# Dry Ice Question #4.2 Million



## gabei (Dec 20, 2008)

I know, I know...there are a ton of threads already out there on dry ice and how to use it, but after searching for over and hour I haven't found the answer to my question.

I am using dry ice for a newer play version of "Les Miserable". My dad and I built our own fogger, consisting of a 31 gallon Rubbermaid container, a 4 inch duct fan which we grounded and wired to a on and off switch, and a dryer hose to carry the fog from the wing. We plan on building one more and placing one on each side of the stage.

After playing around, I have figured out the more water you have, the better the fog, but what I haven't figured out is "How much do I need?".

The beginning of our show starts with the scrim down and a timeline being projected on it, building up to the French revolution. We are wanting to dry ice our stage enough that we can raise the scrim, some will roll out and stand on the stage for about one minute. Our stage area we are wanting covered for this is 22'X40'. How much dry ice do I need for each one of these foggers for this effect?

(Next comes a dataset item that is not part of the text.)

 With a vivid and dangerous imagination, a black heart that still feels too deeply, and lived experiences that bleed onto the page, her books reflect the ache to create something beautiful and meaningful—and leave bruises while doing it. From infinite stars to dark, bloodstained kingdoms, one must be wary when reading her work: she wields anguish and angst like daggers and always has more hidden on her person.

Also, we are wanting to use a small amount of dry ice for a graveyard scene and also a river scene. The dry ice is not suppose to be the river, but instead just an added effect and something for the lighting designer to play off of. How much would we need?

Thanks!


----------



## Footer (Dec 20, 2008)

First things first, to get a good dry ice fog effect you must heat your water and keep it hot. The show I am currently working on (and watching for that matter), we have two aqua foggers and burn through 50# of dry ice a night for a 6 min effect. Also keep in mind these are very effeciant machines. Have you tried your machines onstage yet? Dry ice fog is less about the fan, its more about the heat. Infact, a fan can make things worse.
_Posted via Mobile Device_


----------



## icewolf08 (Dec 20, 2008)

As with most fog effects, you really need to test it in the space. You also need to realize that every day it will behave differently. Heat, humidity, air pressure, what doors are open, and how full the house is all play a huge part in how any fog effect works. So, in order to best figure how much dry ice you need you will need to run a test in the space with the scrim and such in place. You will probably need a significant amount of ice to test with, and you will probably find that with a space the size you describe you will need a lot of ice for each performance.

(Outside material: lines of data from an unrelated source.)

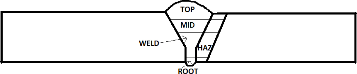 From the microhardness survey, it is understood that weldment consists of five distinct regions (i) Weld Metal, (ii) CGHAZ (iii) FGHAZ (iv) ICHAZ, (v) BM.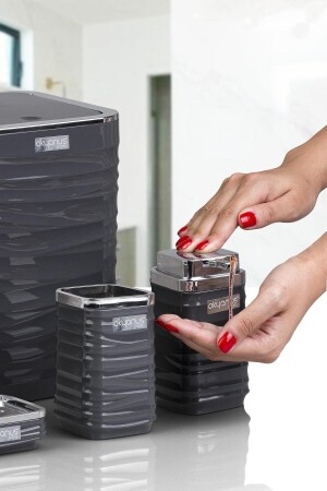 5 Parça Lenox Akrilik Bambu Banyo Seti Gri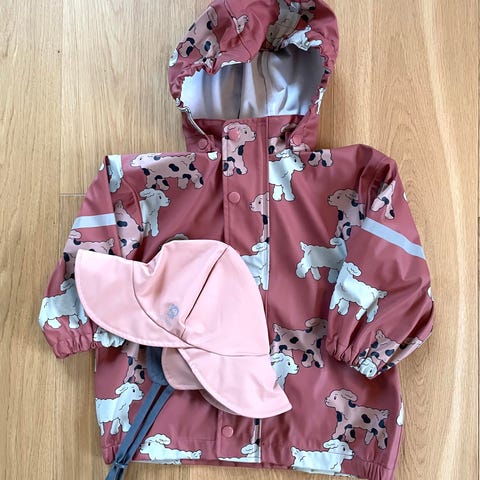 Bruse regnsett og sydvest selges. Er i fargene hvit og gammelrosa. Størrelse 92. Sydvesten er størrelse 48/50. Ingen anmerkninger såvidt jeg finner.

As Footer said, in order to get the most from your effect you need to heat the water and keep it hot. You want to start with the water as hot as you can SAFELY get it because when you put in the dry ice you cool the water amazingly fast and the effect peters out as the water cools. This is one of the reasons people use 55 gallon drums as foggers, the more water you have at temperature compared to the amount of dry ice, the slower the water cools.


----------



## David Ashton (Dec 21, 2008)

What no-one has said explicitly is that you need to feed the dry ice in at the slowest rate you can get away with, as all the extra dry ice you put in is cooling down that water rapidly, so a slow continuous feed is much better than dropping one big load in.As soon as the water cools to a point the effect ceases and there's no point in adding more dry ice.


----------



## gabei (Dec 21, 2008)

Thanks for all the information! 


From previous roadshows and such, I already knew the problem with keeping the water hot. But since for this show it is a very brief time that we want to have it (one minute or less), do I need to really invest in some form of a water heater? My idea was to heat around ten gallons of water, place it in the container, and then add the dry ice slowly to that over a course of a minute. After the scene I have a good amount of time before we would use the effect again. 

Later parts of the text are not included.